* **Task brief**: Exactly the lines from the start of the entries through the line with "Death | 0.37 |" are required in the output, with no pictures among them.

Data extracted from a collection
# # # # # # #

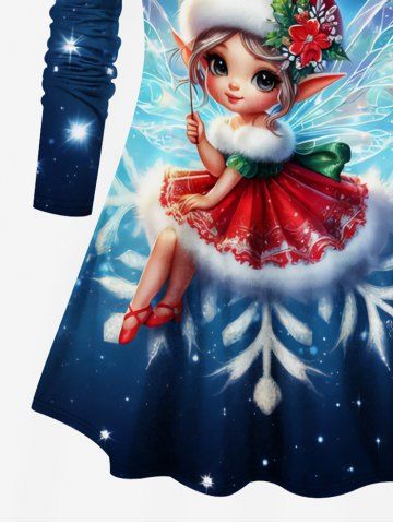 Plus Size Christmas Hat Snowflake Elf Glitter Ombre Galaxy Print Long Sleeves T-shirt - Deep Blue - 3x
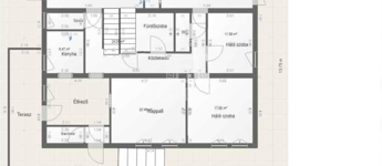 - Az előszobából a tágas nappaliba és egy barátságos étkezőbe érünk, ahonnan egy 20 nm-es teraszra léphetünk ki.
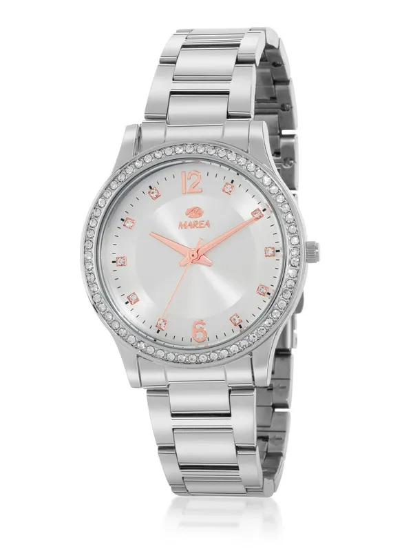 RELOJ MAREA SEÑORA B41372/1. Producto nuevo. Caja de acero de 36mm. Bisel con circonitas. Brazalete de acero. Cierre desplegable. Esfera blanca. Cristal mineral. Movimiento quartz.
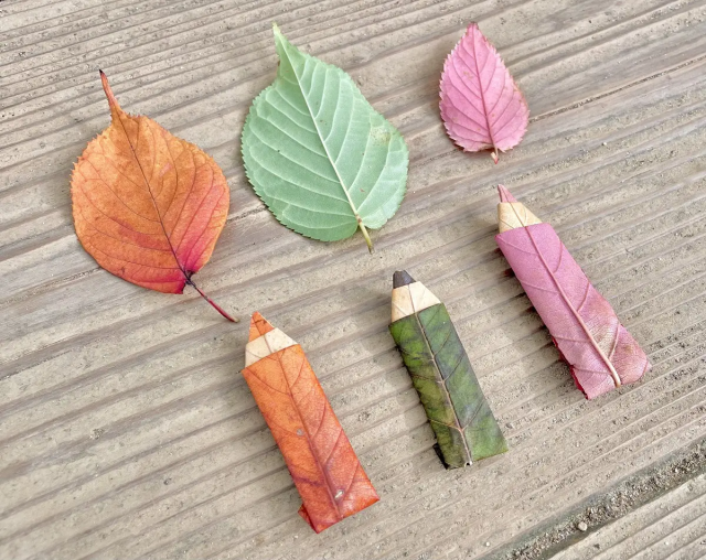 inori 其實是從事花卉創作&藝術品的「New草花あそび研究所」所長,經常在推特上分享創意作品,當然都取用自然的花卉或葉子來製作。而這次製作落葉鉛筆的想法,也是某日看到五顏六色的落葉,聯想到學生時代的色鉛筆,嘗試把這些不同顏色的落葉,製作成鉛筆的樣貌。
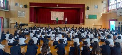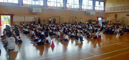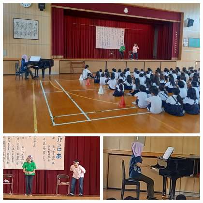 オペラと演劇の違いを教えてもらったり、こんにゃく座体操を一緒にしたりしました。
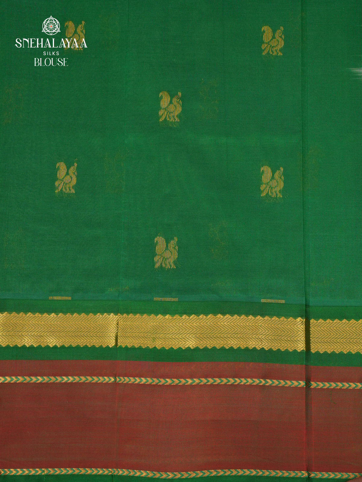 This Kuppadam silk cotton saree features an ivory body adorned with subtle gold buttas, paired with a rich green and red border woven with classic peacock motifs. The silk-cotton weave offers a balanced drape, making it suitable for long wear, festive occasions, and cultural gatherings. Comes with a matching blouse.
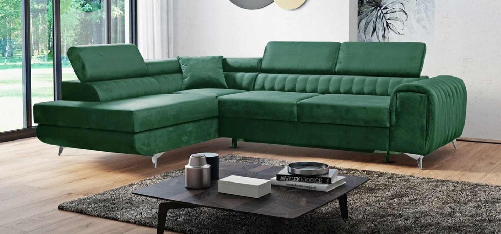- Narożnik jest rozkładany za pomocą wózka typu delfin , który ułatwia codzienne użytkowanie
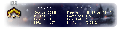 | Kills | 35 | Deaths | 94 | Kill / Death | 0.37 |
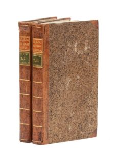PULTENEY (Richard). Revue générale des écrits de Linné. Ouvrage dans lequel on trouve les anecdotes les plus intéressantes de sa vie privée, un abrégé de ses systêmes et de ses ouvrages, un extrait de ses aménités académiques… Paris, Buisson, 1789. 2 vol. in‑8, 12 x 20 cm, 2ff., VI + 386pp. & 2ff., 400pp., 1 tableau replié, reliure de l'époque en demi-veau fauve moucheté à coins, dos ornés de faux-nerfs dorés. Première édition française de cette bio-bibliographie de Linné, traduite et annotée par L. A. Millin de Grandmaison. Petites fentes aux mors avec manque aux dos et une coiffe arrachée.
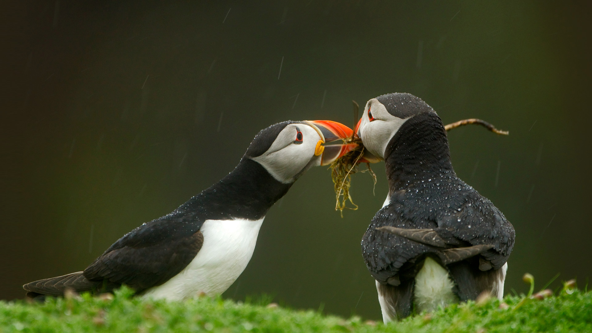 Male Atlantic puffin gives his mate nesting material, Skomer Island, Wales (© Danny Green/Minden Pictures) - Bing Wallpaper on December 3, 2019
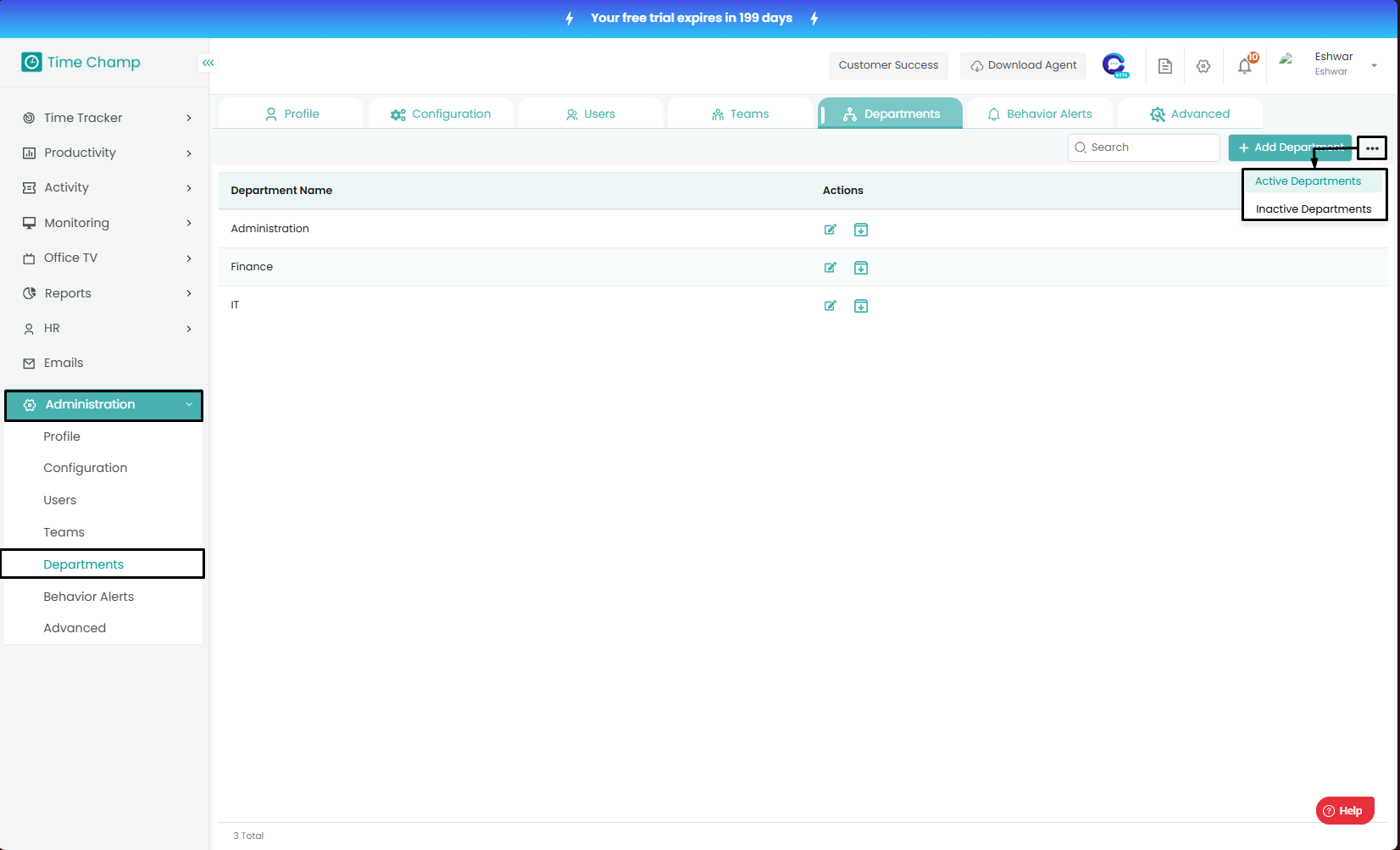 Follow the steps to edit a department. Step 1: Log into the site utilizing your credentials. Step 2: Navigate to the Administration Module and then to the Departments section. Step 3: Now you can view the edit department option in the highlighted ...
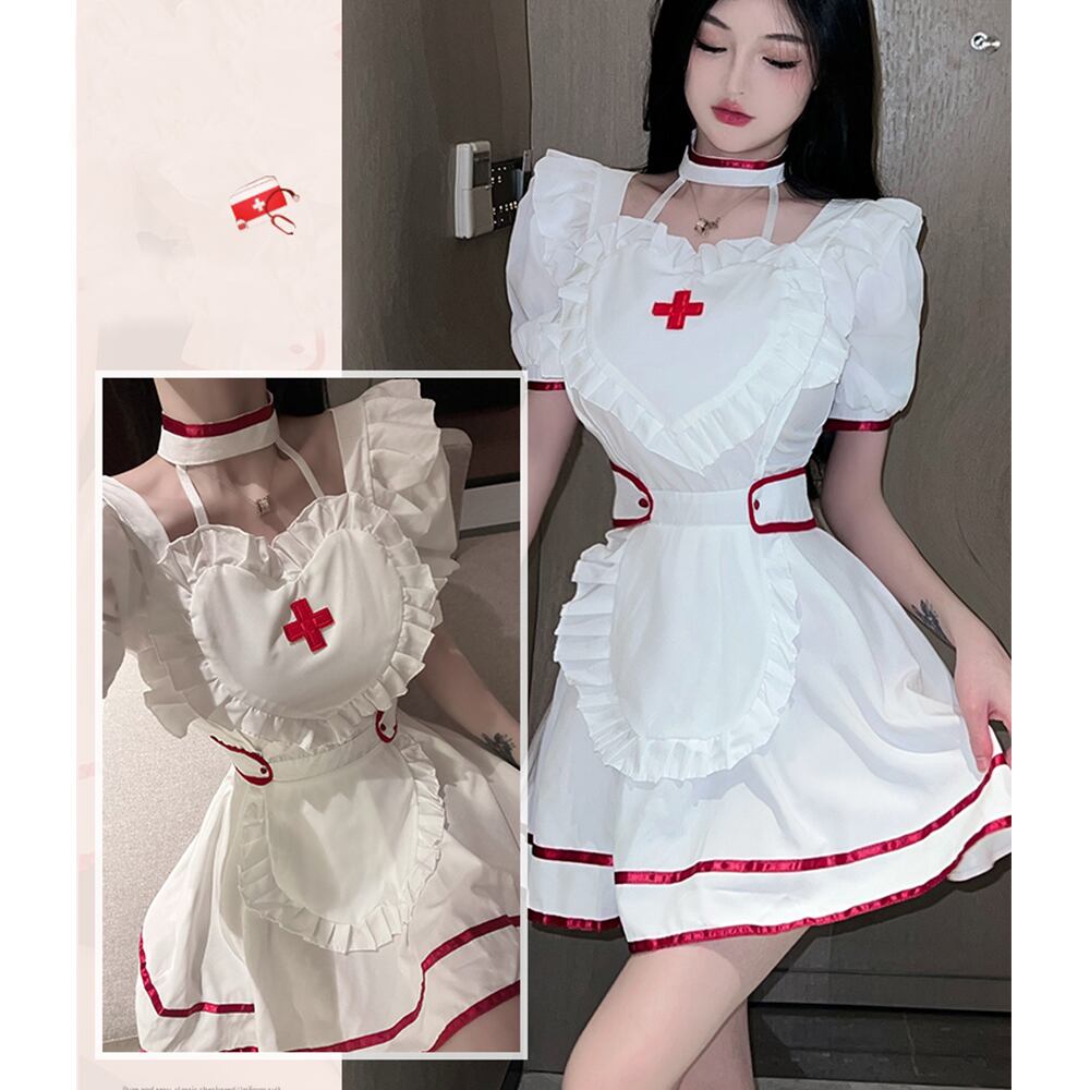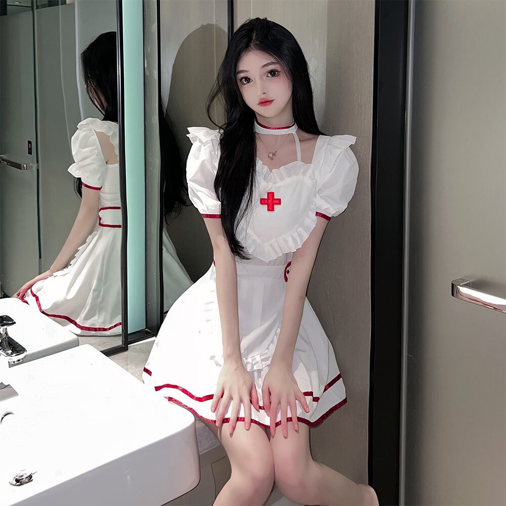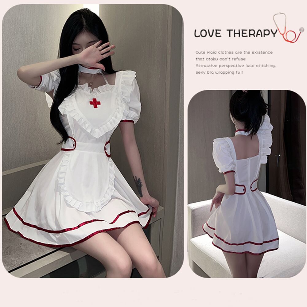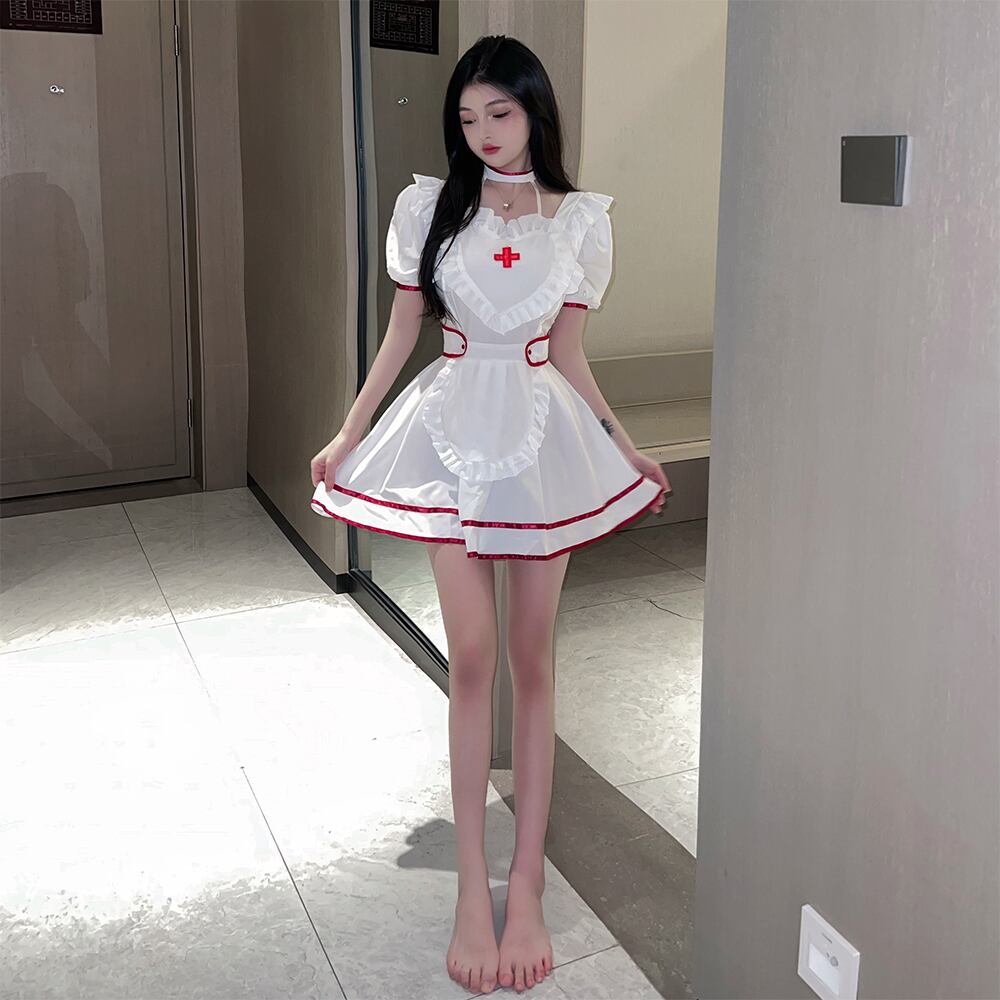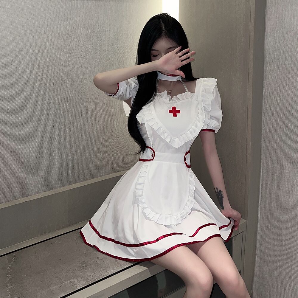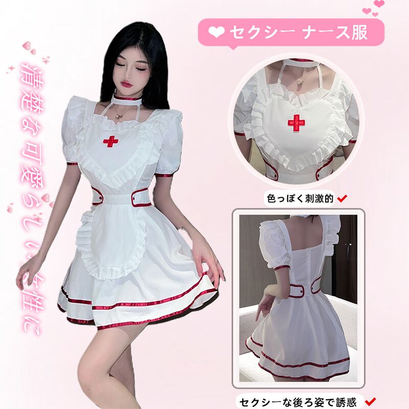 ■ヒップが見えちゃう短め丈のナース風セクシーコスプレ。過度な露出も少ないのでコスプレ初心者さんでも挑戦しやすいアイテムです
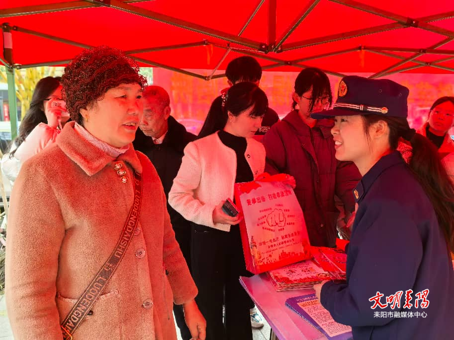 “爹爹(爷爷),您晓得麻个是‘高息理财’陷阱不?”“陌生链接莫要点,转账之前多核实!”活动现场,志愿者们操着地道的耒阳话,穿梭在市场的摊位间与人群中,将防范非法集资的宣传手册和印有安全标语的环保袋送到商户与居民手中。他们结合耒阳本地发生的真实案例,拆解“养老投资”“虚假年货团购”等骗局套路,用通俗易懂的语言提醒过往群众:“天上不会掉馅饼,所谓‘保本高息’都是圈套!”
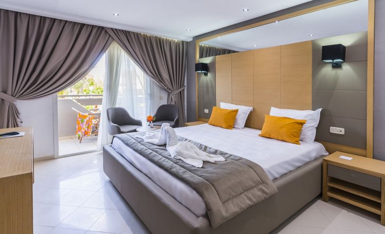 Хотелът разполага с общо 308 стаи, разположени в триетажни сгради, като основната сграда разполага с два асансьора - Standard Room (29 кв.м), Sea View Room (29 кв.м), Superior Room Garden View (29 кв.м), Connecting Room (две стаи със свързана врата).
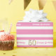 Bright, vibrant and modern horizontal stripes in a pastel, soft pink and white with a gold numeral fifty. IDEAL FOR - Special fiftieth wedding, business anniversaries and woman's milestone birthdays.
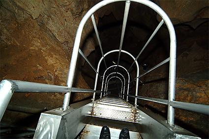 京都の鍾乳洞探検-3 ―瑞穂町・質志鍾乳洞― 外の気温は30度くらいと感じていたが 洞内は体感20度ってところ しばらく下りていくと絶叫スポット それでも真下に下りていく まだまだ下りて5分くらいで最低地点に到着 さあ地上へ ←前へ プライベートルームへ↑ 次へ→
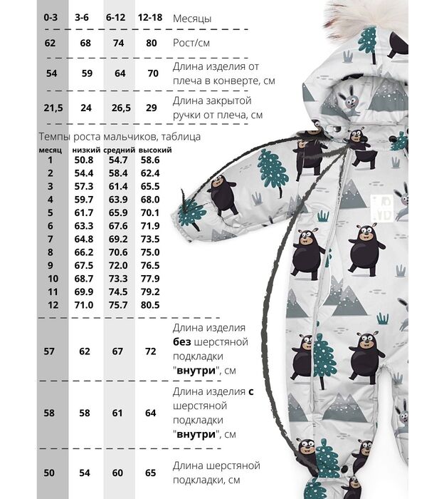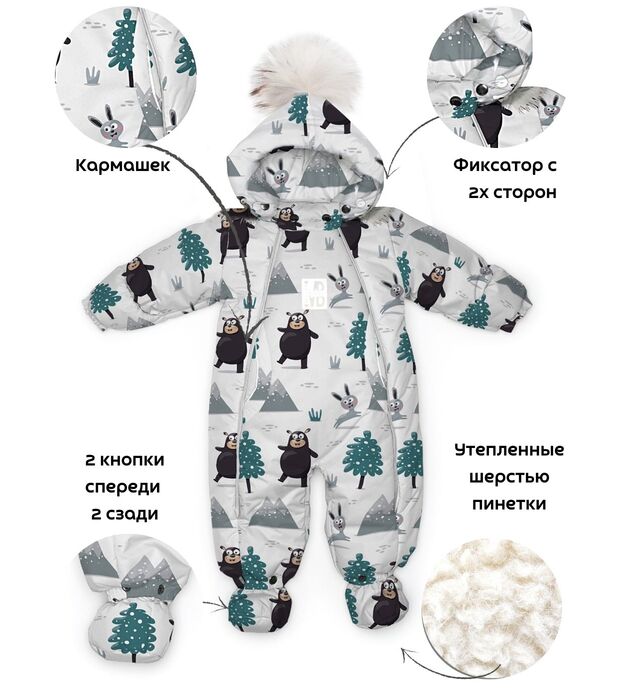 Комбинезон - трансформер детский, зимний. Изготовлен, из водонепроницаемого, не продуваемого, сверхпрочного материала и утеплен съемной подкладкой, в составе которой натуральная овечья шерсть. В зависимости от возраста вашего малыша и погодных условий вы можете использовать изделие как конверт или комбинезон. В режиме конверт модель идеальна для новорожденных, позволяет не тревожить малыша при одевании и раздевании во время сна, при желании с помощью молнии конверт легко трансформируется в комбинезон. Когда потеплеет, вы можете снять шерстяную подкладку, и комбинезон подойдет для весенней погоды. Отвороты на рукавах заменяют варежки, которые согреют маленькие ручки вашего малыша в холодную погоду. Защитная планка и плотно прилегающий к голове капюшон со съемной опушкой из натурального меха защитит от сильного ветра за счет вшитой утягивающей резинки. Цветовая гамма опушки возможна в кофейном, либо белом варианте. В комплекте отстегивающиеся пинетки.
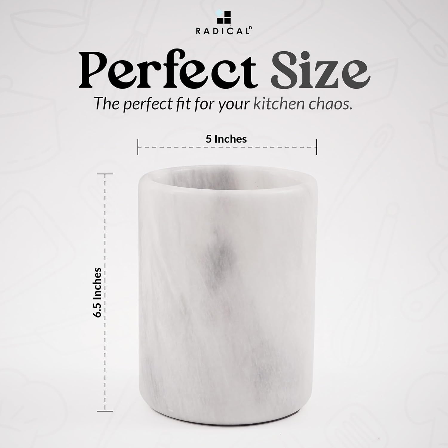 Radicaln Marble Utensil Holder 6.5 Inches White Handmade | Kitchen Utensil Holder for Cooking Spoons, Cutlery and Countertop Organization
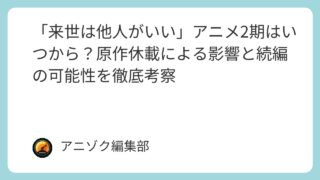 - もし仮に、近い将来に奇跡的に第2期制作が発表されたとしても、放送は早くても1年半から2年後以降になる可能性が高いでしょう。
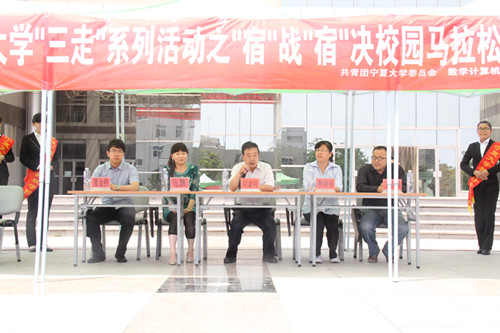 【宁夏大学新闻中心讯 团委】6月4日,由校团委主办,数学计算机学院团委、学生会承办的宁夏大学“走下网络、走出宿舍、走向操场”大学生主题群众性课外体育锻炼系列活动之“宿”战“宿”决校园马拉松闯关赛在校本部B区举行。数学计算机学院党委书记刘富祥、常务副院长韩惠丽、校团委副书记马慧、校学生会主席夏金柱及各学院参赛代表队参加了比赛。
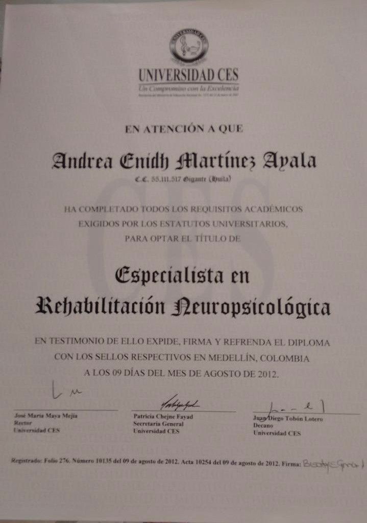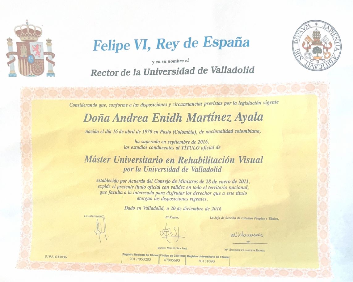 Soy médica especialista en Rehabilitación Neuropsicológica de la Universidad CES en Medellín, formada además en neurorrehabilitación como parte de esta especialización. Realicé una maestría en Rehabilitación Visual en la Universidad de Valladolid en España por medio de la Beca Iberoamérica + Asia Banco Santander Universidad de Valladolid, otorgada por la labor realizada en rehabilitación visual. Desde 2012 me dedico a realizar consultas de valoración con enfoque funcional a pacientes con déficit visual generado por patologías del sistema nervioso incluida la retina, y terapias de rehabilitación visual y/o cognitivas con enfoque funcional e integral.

# # # # # # #

* **Exercise result**:
 Plus Size Christmas Hat Snowflake Elf Glitter Ombre Galaxy Print Long Sleeves T-shirt - Deep Blue - 3x
 - Az előszobából a tágas nappaliba és egy barátságos étkezőbe érünk, ahonnan egy 20 nm-es teraszra léphetünk ki.
 RELOJ MAREA SEÑORA B41372/1. Producto nuevo. Caja de acero de 36mm. Bisel con circonitas. Brazalete de acero. Cierre desplegable. Esfera blanca. Cristal mineral. Movimiento quartz.
 inori 其實是從事花卉創作&藝術品的「New草花あそび研究所」所長,經常在推特上分享創意作品,當然都取用自然的花卉或葉子來製作。而這次製作落葉鉛筆的想法,也是某日看到五顏六色的落葉,聯想到學生時代的色鉛筆,嘗試把這些不同顏色的落葉,製作成鉛筆的樣貌。
 オペラと演劇の違いを教えてもらったり、こんにゃく座体操を一緒にしたりしました。
 This Kuppadam silk cotton saree features an ivory body adorned with subtle gold buttas, paired with a rich green and red border woven with classic peacock motifs. The silk-cotton weave offers a balanced drape, making it suitable for long wear, festive occasions, and cultural gatherings. Comes with a matching blouse.
- Narożnik jest rozkładany za pomocą wózka typu delfin , który ułatwia codzienne użytkowanie
 | Kills | 35 | Deaths | 94 | Kill / Death | 0.37 |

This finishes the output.